# relocation package



## murphy27 (Nov 20, 2014)

Hello,
I'm deciding whether to accept an offer to relocate from California to Dubai. The position is a Leadership position as a lead designer.

I would be working and living in Dubai and would have to find and acquire my housing.
I would like to live in someplace like Villa Springs (which honestly I don't really know anything about except someone told me about it and it sounds nice). I would like to live in a 2 bedroom Villa Style preferably on the beach. I have no idea if this is realistic or not - I'm just stating what I think would appeal to me.

My salary would be approximately 48,000 Emirati Dirham a month. I would have medical, airfare, car and phone allowance.

I heard that to rent a place that I may have to take out a loan from a Dubai bank as many landlords may require anywhere from a 4 month to 1 year advance payment for rentals.

I would like to know how I can expect to live at 48,000 Emirati Dirham a month. Also, how difficult, with a security letter from my company, is it to get a loan from a bank to get the money for my "deposit". I would prefer to find a place that will take a month to month payment.

Any comments on this situation would be appreciated. This is a big decision to a place that is very foreign to me. I want to be prepared with facts before making the leap.


----------



## TallyHo (Aug 21, 2011)

There is no "Villa Springs." Springs is the name of a large housing estate of attached houses that range from tiny 2-beds to decently sized 3-bed + maid's. Do a google image search for "springs Dubai."

Springs is part of a larger development called Emirates Living, which also includes Meadows (all detached and more upscale than the Springs), Lakes (mix of detached and attached and a step up from the Springs) and Emirates Hills (forget it). None of them are "near" the beach if you mean being able to walk to the beach.

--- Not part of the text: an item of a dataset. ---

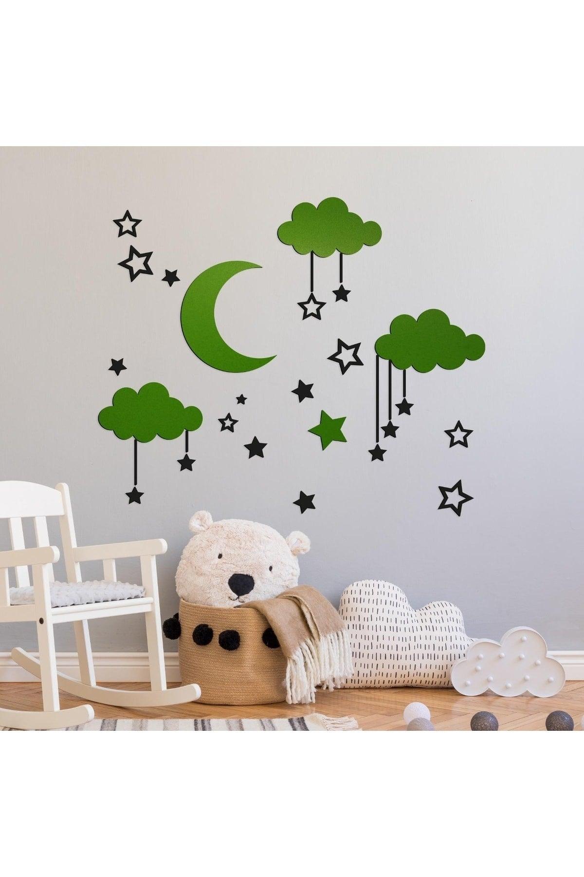 Wooden Sky Composition Wall Decor For Baby Room Green-black - Swordslife

Frankly, a villa directly on the beach is extremely rare and when available, extremely expensive. 

Are you single? Want to walk to the beach. If so, get a flat in Dubai Marina. If you must have a villa, then look into Jumeirah or Umm Sequim, which are two older neighborhoods along the beach. Expensive, but there are some moderately priced older and smaller properties if you look hard enough.

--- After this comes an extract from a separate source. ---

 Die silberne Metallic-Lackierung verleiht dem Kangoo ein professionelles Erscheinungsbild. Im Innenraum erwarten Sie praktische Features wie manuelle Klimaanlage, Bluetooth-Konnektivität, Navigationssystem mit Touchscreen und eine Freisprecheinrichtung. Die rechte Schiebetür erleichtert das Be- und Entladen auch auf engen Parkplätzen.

Do not take out a housing loan if you can avoid doing so because you do not want to get into debt in this country. Find a property that accepts four cheques and accept the reality of the situation. We all did. When your company moves you to Dubai they should be putting you up in a free hotel apartment for at least a month, ideally three because you really don't want to commit to any leases or expenses until you've passed your probation period. Use that free hotel stay to save as much of your income and that should be enough to cover the initial rent cheque. Month to month rents are practically non-existent in Dubai. Apartments are more flexible on the number of cheques but the most flexible you'll see will be 4 cheques/year. Villas are now almost entirely 1-2 cheques. 

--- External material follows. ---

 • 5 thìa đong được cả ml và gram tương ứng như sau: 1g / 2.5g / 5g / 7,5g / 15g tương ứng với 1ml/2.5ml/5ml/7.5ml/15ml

48,000 a month is a very good salary for a single person. It's entirely up to you to decide how to spend it (blow it all on a fancy car, villas, holidays, brunches every weekend, shopping at the Dubai Mall, dining out every night) or be prudent and save 2/3s while still living nicely enough. 

There's nothing wrong with the Springs. I'd be happy to live there. But it is family oriented and overpriced for what it is (increasingly run down terraced houses). And I'd hate to have to deal with the speed bumps every day. When you get here, drive around and you'll see what communities work for you. 



murphy27 said:


> Hello,
> I'm deciding whether to accept an offer to relocate from California to Dubai. The position is a Leadership position as a lead designer.
> 
> I would be working and living in Dubai and would have to find and acquire my housing.
> ...


----------



## Mr Rossi (May 16, 2009)

Many companies offer housing loans to their employees where they will put up the cheques and then take the amount back directly from your salary each month. It's a fantastic salary so it's fair to say the company is investing in you personally, speak to them direct if they run any similar scheme.


----------



## murphy27 (Nov 20, 2014)

*Thanks*

Thank you for these responses. What a great help!


----------



## DubaiResident (Oct 25, 2014)

Some companies also provide anything up to 6 months housing allowance in advance, as this situation is faced by everyone. Be it while renting a villa, or a studio apartment.

As already mentioned above, taking a loan should be the least of your priorities. And for someone with your salary, you can easily get by without one, as long as you play it right.


----------



## murphy27 (Nov 20, 2014)

*rentals - bank loans*

Are there month to month situations that would be acceptable in Dubai. I would like to live in a nice place, but I'd rather live in a month to month to save my salary for a yearly lease rather than take out a bank loan.

The recruiter keeps telling me it is nothing to get a bank loan and everyone does it. That goes against my better judgment. Can anyone shed the light on this?


----------



## TallyHo (Aug 21, 2011)

Put it this way, recruiters are the people most likely to run up huge debts via fancy brunches, apartments and cars they can't afford and max their credit cards, and flee the country in debt. Sensible people don't. I don't know many people who get housing loans from banks. I do know people who get advances from their companies. Most of my friends pay upfront. 

Hotel apartments offer month to month situations but you pay for the privilege. Shockingly so.

You will find that the more cheques the landlord will accept, the higher the rent. For example, landlords will ask 100 in one cheque or 105 in two cheques or 110 in four cheques. 

While I understand the hesitation to pay so much money up front, remember that leases are for the year and if you back out of a lease early you will pay a stiff penalty, at least two month's rent. So you really don't get many advantages in paying rent on a month to month basis if you are able to pay in 1-2 cheques for the year. But do ask your company if they will advance you some of the housing allowance up front, at least for a few months. Borrowing from your company is better than the bank. 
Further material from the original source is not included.